The mapping will be huge, because it has to hold 50B records and may increase as well as it is a growing system.
Any thoughts around this?
You will likely need to write a custom script that will ETL all your files.
Tools such as Amazon EMR (Hadoop) and Amazon Athena (Presto) would be excellent for processing the data in the files. However, your requirement to identify the latest version of data based upon filename is not compatible with the way these tools would normally process data. (They look inside the files, not at the filenames.)
If the records merely had an additional timestamp field, then it would be rather simple for either EMR or Presto to read the files and output a new set of files with only one record for each unique ID (with the latest date).
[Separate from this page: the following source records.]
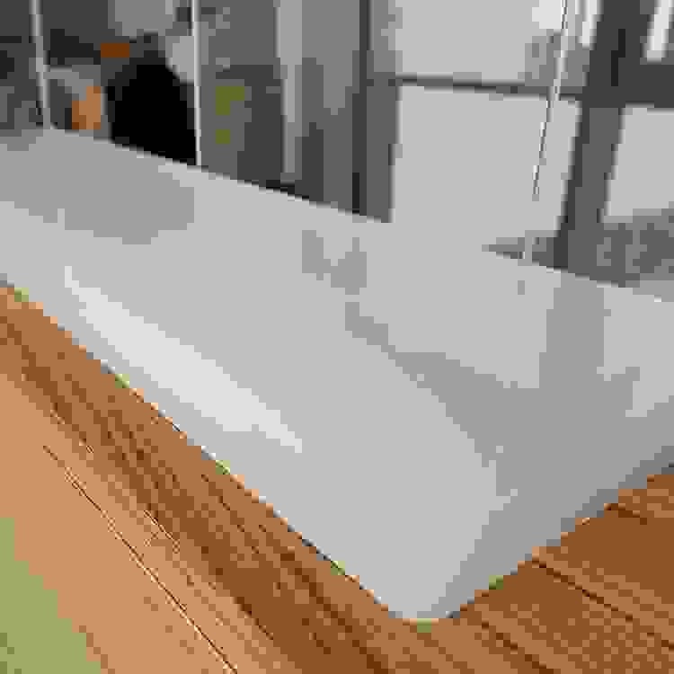 Klares Acrylglas mit Durchreiche, Standfuß aus 30 mm starkem, satiniertem Acrylglas
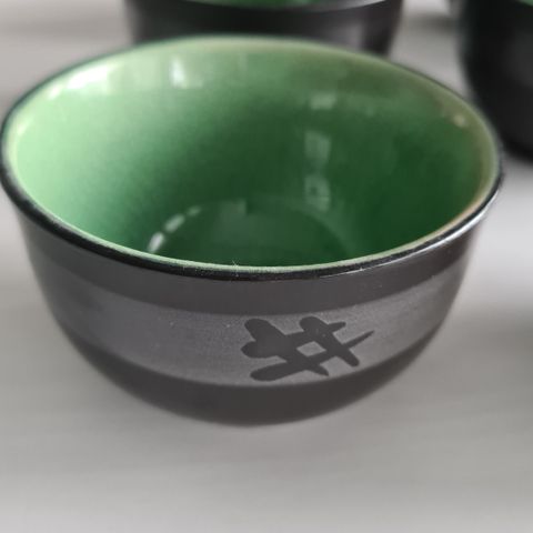 Teesetti eli teekannu ja neljä mukia. Kuvituksena elämänpuita ja lintuja. Käsinmaalatut, joitakin maalivalumia. Ehjät.
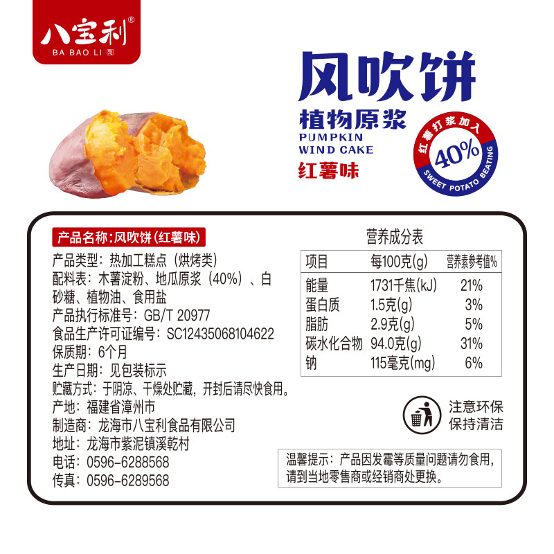 8 Paoli Breeze Blowing Cake 388g Sweet Potato Taste Sweet Potato Whole Box Ground Melon Cake Pancake Snack snack Snack Casual
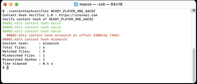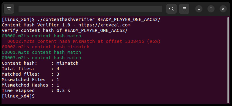 ContentHashVerifier je nástroj ovládaný pomocí příkazového řádku (CLI) , který je určen pro verifikaci obsahového hashe i BD (Blu-ray) nebo UHD (Ultra HD Blu-ray) disků. Podporovány jsou hashe SHA1 (BD) nebo SHA256 (UHD) pro surový /BDMT/STREAM/*.m2ts nebo nedešifrovaný .m2ts soubor. Nástroj je určen zejména pro ověření čitelnosti M2TS souborů.
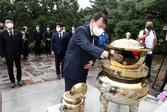 윤 전 총장은 18일 고(故) 김대중 전 대통령 서거 12주기를 맞아 국립 서울현충원에 있는 DJ 묘역을 참배했다. 국민의힘 대권주자 가운데 김 전 대통령 묘역을 찾은 것은 윤 전 총장이 처음이다.
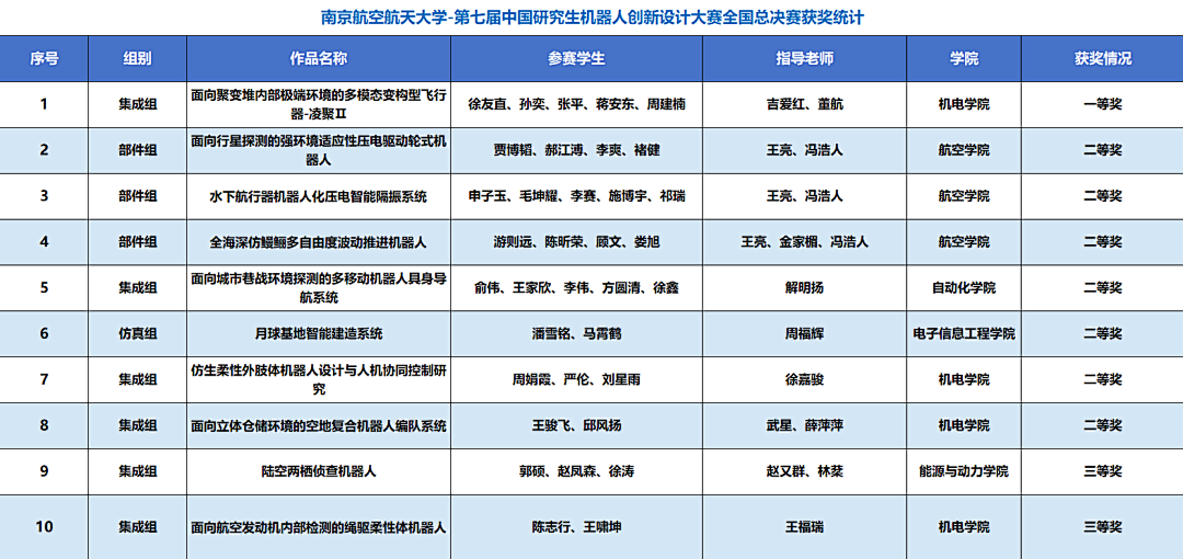 9月26日,第七届中国研究生机器人创新设计大赛全国总决赛在济南开幕。本次比赛由学校研究生院和研究生工作部共同指导,由黄色动漫 负责承办。经过前期校内评审,我校共有10支队伍入围决赛,最终荣获一等奖1项、二等奖7项、三等奖2项,排名全国第六,学校荣获优秀组织单位,同时我院荣获一等奖1项,二等奖2项,三等奖1项。
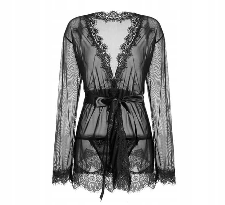 Жіноча нижня білизна Чорний халат + стрінги мереживні
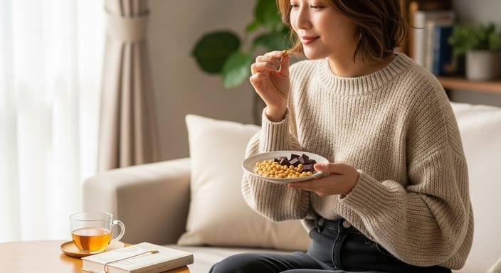 間食として取り入れると、節分豆はぐっと消費しやすくなります。食事としてしっかり使おうとするとハードルが上がりがちですが、おやつの一部として考えるだけで、心理的な負担はかなり軽くなります。
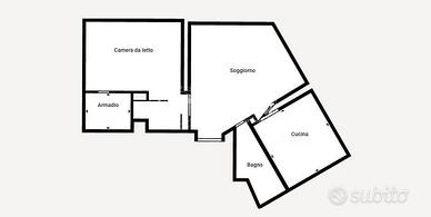 La distribuzione interna è funzionale e accogliente: ingresso, cucina, soggiorno, camera da letto con cabina armadio, ripostiglio e bagno. Gli infissi in doppio vetro garantiscono comfort acustico e termico, la porta è blindata, mentre il riscaldamento autonomo consente una gestione efficiente dei consumi.

Rather than creating a system to lookup unique IDs in files, you should have your system output a timestamp. This way, the data is not tied to a specific file and can easily be loaded and transformed based upon the contents of the file.
I would suggest:
Process each existing file (yes, I know you have a lot!) and add a column that represents the filename
Once you have a new set of input files with the filename column (that acts to identify the latest record), use Amazon Athena to read all records and output one row per unique ID (with the latest date). This would be a normal SELECT... GROUP BY statement with a little playing around to get only the latest record.
Athena would output new files to Amazon S3, which will contain the data with unique records. These would then be the source records for any future processing you perform.